### PROBLEM DESCRIPTION
Reproduce exactly the line containing "با توجه به اعلام" and each line after it until the listing ends, leaving pictures out.

### INPUT DATA
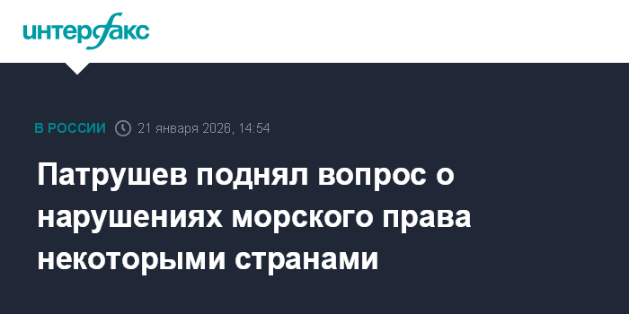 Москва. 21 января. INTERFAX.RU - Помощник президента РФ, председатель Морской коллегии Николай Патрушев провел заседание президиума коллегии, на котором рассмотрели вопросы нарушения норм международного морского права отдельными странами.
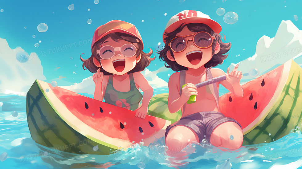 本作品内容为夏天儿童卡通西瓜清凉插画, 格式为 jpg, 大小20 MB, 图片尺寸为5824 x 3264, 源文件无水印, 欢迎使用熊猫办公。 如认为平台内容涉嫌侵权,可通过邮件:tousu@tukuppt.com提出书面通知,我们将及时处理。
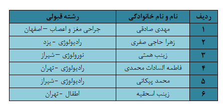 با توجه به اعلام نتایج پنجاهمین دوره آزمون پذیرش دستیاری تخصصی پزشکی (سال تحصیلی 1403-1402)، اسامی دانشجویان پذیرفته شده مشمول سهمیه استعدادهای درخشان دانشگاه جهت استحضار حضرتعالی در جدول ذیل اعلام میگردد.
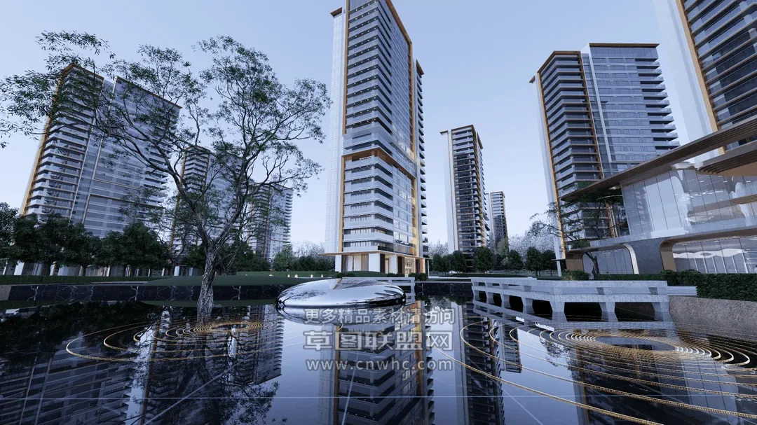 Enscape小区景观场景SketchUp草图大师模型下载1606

### YOUR RESPONSE
 با توجه به اعلام نتایج پنجاهمین دوره آزمون پذیرش دستیاری تخصصی پزشکی (سال تحصیلی 1403-1402)، اسامی دانشجویان پذیرفته شده مشمول سهمیه استعدادهای درخشان دانشگاه جهت استحضار حضرتعالی در جدول ذیل اعلام میگردد.
 Enscape小区景观场景SketchUp草图大师模型下载1606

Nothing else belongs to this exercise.